CBW-IMPACTT Microbiome Analysis Module 2 Lab Answers

Question 1: How many samples are there?

We have 12 samples. The raw data folder contains one fastq.gz file for each set of the forward and reverse sequences (labelled R1 and R2, respectively) for each of the samples (BBxxx).

Question 2: Into what group(s) are the samples classified?

The samples are classified into two different groups: either bulk or rhizosphere soil and forest or managed sites.

Question 3: What would happen if you ran this exact command on V4/V5-amplified sequences?

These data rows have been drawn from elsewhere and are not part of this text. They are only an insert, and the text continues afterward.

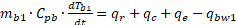[Ec.2]El fondo del primer depósito (mb1) recibe energía del agua del depósito principal mediante radiación (qr), convección (qc) y evaporación (qe), y transfiere calor por convección (qbw1) al agua del primer depósito.
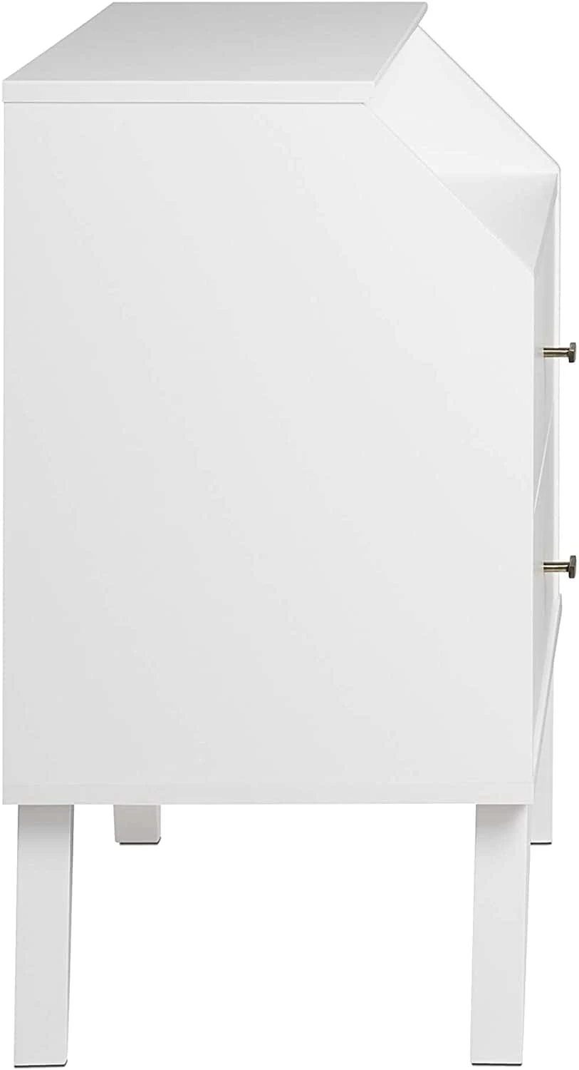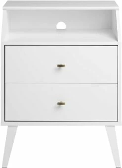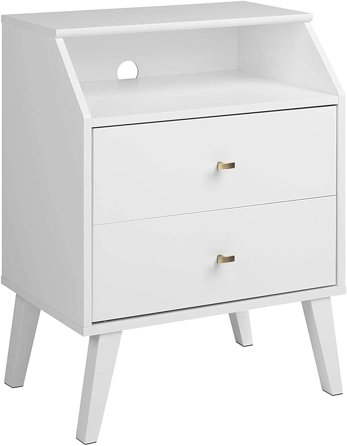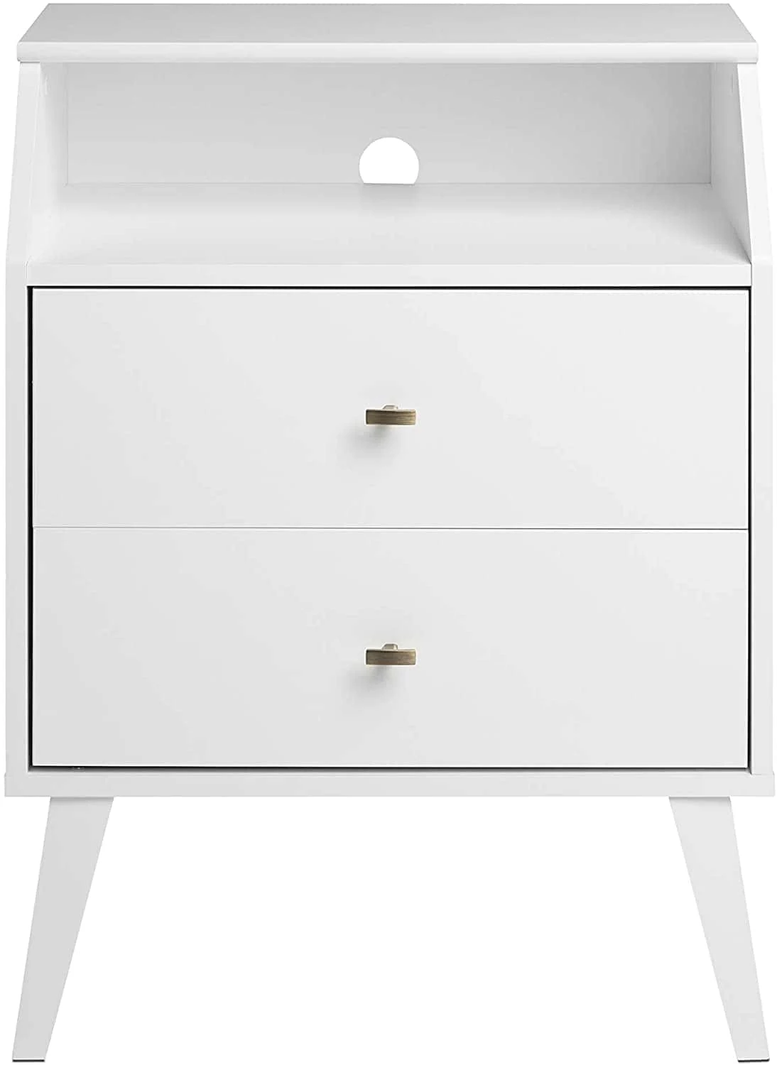With a mid-century modern aesthetic, the Milo 2-drawer Nightstand with angled top evokes a cool retro vibe. The two-tiered top shelf provides more space for tabletop items like your phone, lamp, clock and your favorite book. The main shelf features cable management for your electronic devices while the two drawers provide ample storage for bedside essentials. The tapered solid wood legs and inset drawers deliver a clean and modern look to your bedroom. Brushed brass finished knobs add to the retro-chic design for a functional and fashionable dresser. Style this dresser on its own, or combine it with any of the products in the Milo collection for a timeless look.
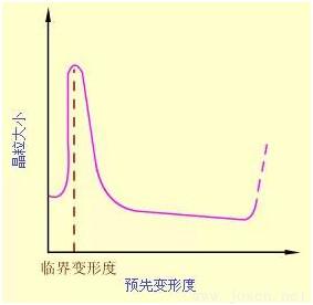 (2)預先變形度  變形度的影響主要與金屬變形的均勻度有關。變形越不均勻, 再結晶退火后的晶粒越大。變形度很小時,因不足以引起再結晶,晶粒不變。當變形度達到2~10%時,金屬中少數晶粒變形,變形分布很不均勻,所以再結晶時生成的晶核少,晶粒大小相差極大,非常有利于晶粒發生吞并過程而很快長大,結果得到極粗大的晶粒。使晶粒發生異常長大的變形度稱作臨界變形度。生產上應盡量避免在臨界變形度范圍內的塑性變形加工。超過臨界變形度之后,隨變形度的增大,晶粒的變形更加強烈和均勻,再結晶核心越來越多,因此再結晶后的晶粒越來越細小。但是當變形度過大(約≥90%)時, 晶??赡茉俅纬霈F異常長大,一般認為它是由形變織構造成的。
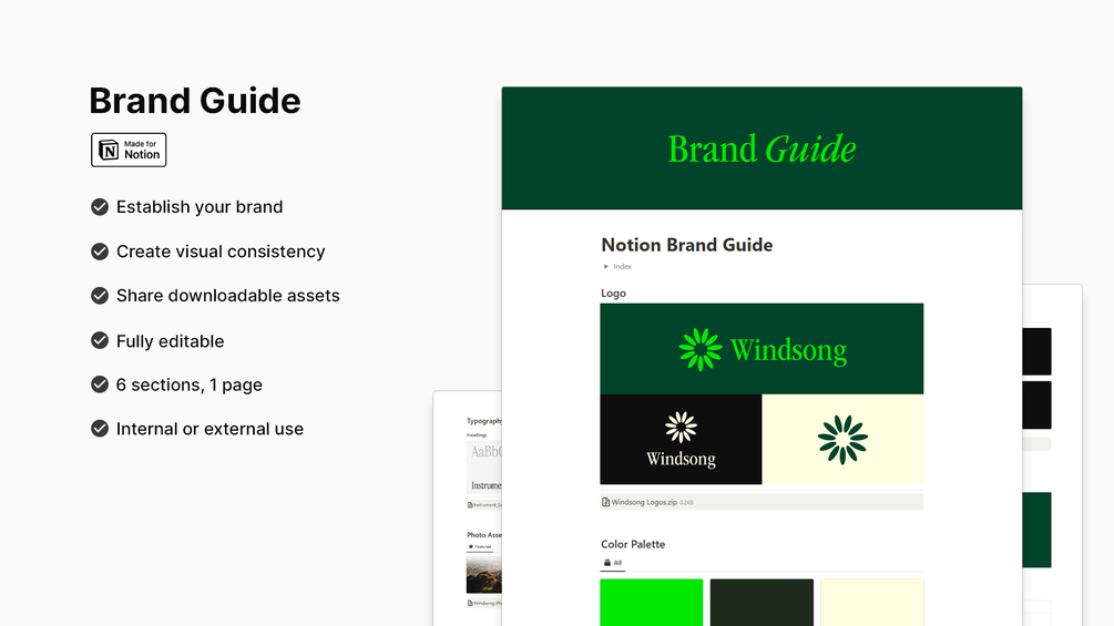 Meet the Notion Brand Guide – an editable & shareable page streamlining brand management. Serving as a centralized hub, it meticulously documents all facets of your brand, from logos to multimedia assets, with a standout Asset Library for easy organization.
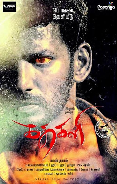 Kathakali is an action thriller which has Vishal and Catherine Tresa in the lead roles. The film which is being produced under the banner of Vishal Film Factory and Pasanga Productions is being directed by Pandiraj. Hiphop Tamizha is composing the music. The film is being released for Pongal. The first look of film was released.
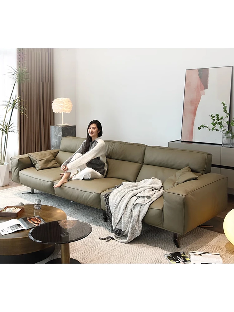 イタリアンミニマリズムの高背豆腐ブロックソファ - 小型住宅に最適な本革4人掛けアボカドグリーンソファ!高品質なトップレザー使用で、スタイリッシュさと快適さを両立。おしゃれな空間を演出します!
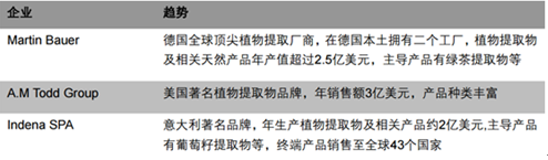 國外代表性的植物提取物生產(chǎn)企業(yè) |

Cutadapt will only trim reads that match the specified primer sequence. Therefore, most reads would be discarded because we are including the --p-discard-untrimmed option.

Optional Question: How long are the reads now? Is this what you were expecting?

You should see that the reads are around 280 bp long now, because the ~20 bp primers have been trimmed from the ends and they were ~300 bp to start).

Question 4: How long are our forward reads? Why are there no reverse reads in our file?

The forward read median length is 405 nucleotides. There are no reverse reads because forward and reverse reads were merged into one sequence during read joining.

Question 5: What would be a good trim length for our reads?

There is no one right answer for this question, but a trim length of 392 nucleotides is good enough to maintain a proper balance between depth and quality.

Question 6: What is the mean sequencing depth per sample after denoising?

The mean sequencing depth (frequency) across all denoised samples is 11,065.25 reads.

Question 7: Which sample has the least reads?

Sample BB203 has the lowest sequencing depth (7,593 reads).

Question 8: What is the maximum sequencing depth across all samples?

The final maximum sequencing depth is 11,690 reads.